During his time, Kamsaar jagir's main administrative centre was Seorai, and Kuttul Khan was its governor. Kamsaar jagir was spread over 52 nearby villages granted by Akbar. He also built a fort, a Mosque, and Eidgah in the village of Seorai. Although he was killed in a dispute by Man Singh Rai of Reotipur, then his cousin Daud Khan of Dewaitha, took revenge of his death and succeeded him. During the 1860s a large number of people belonging to Kushwaha families settled in the village. The name Seorai was kept because there was also a large population of Sevri families who had settled here during the time of Babur. After the death of Quttul Khan, one of his grandsons named Zamindar Fulan Khan settled here with his family in the year 1630.

While seorai was established as a taluka of Kamsaar, Reotipur, Sherpur region. Which were large villages, among the 52 villages taluka. The Sakarwars of Seorai, settled here from the family of Shubhsen Rao, who was a great-grandson of Raja Dham Dev Rao of Gahmar. Whereas the Kamsaries were from Fulan Khan, a grandson of Quttul Khan.

Fulan Khan's family lived here for many years. However, the population of the Zamindar Fulan Khan family decreased, and most of them migrated to Gorasara & Mania
Seorai, located in the Zamania pargana of Ghazipur, witnessed a tragic historical event during the reign of Mughal Emperor Shah Alam I. On 16th Muharram (Tuesday, 1710-11 CE), Kunwar Dheer Singh (Muhammad Bahrmand Khan), the faujdar of Chainpur and the son of zamindar Muhammad Deendar Khan of Dildarnagar, was martyred while defending the region against a rebellious former faujdar of Chausa. The attack was orchestrated due to animosity from Moatsim Khan, the faujdar of Ghazipur.
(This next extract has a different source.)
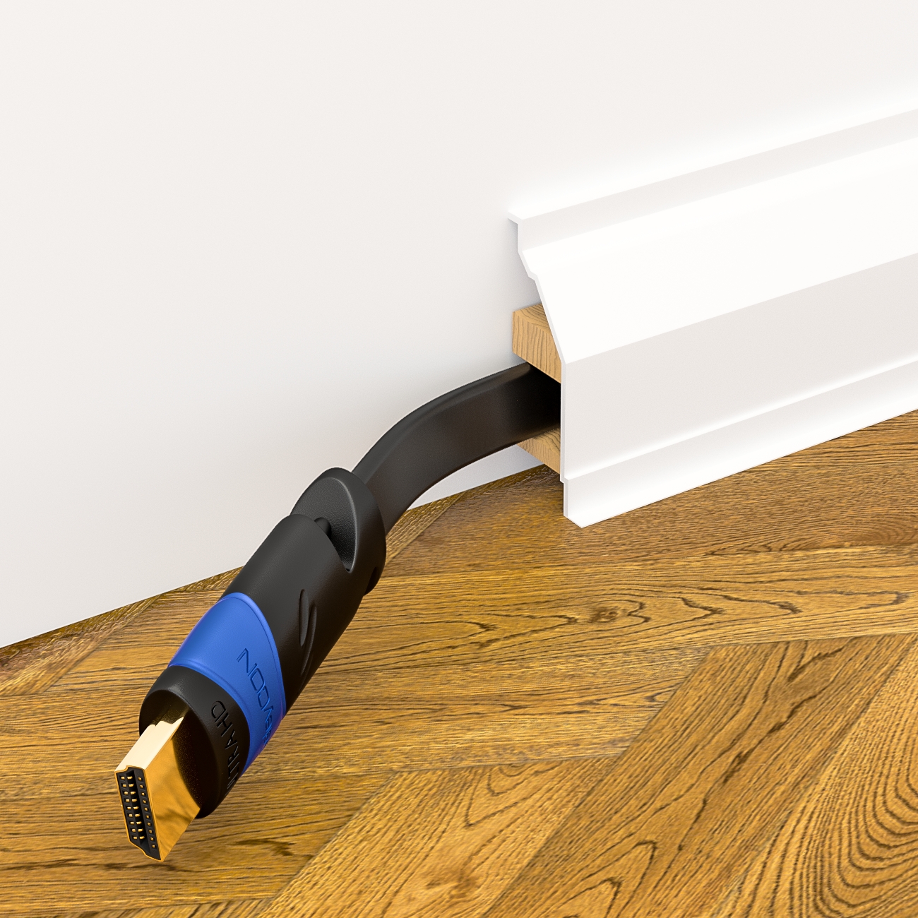 Dieses Kabel ist besonders Flach und ist somit perfekt zum Verlegen unter Teppich oder in Kabelkanälen geeignet. Da das Kabel so dünn ist, lässt es sich sehr gut biegen und um Ecken verlegen.

The rebels looted villages like Seorai, Bareji, Gorasara, and Maniya, destroying property and desecrating Seorai's old mosque. Bahrmand Khan and his companions, including Sheikh Dayanatullah, Muhammad Hamza, and Muhammad Sultan, sacrificed their lives to protect the region.

The event deeply grieved Muhammad Dindar Khan, who documented the incident in a Persian "Mahzarnama" addressed to the emperor. Today, the Deendar Shamsi Museum and Library preserves this document, along with the legacy of Bahrmand Khan's bravery, as reflected in the five graves at Seorai's Kuttul Khan Mosque.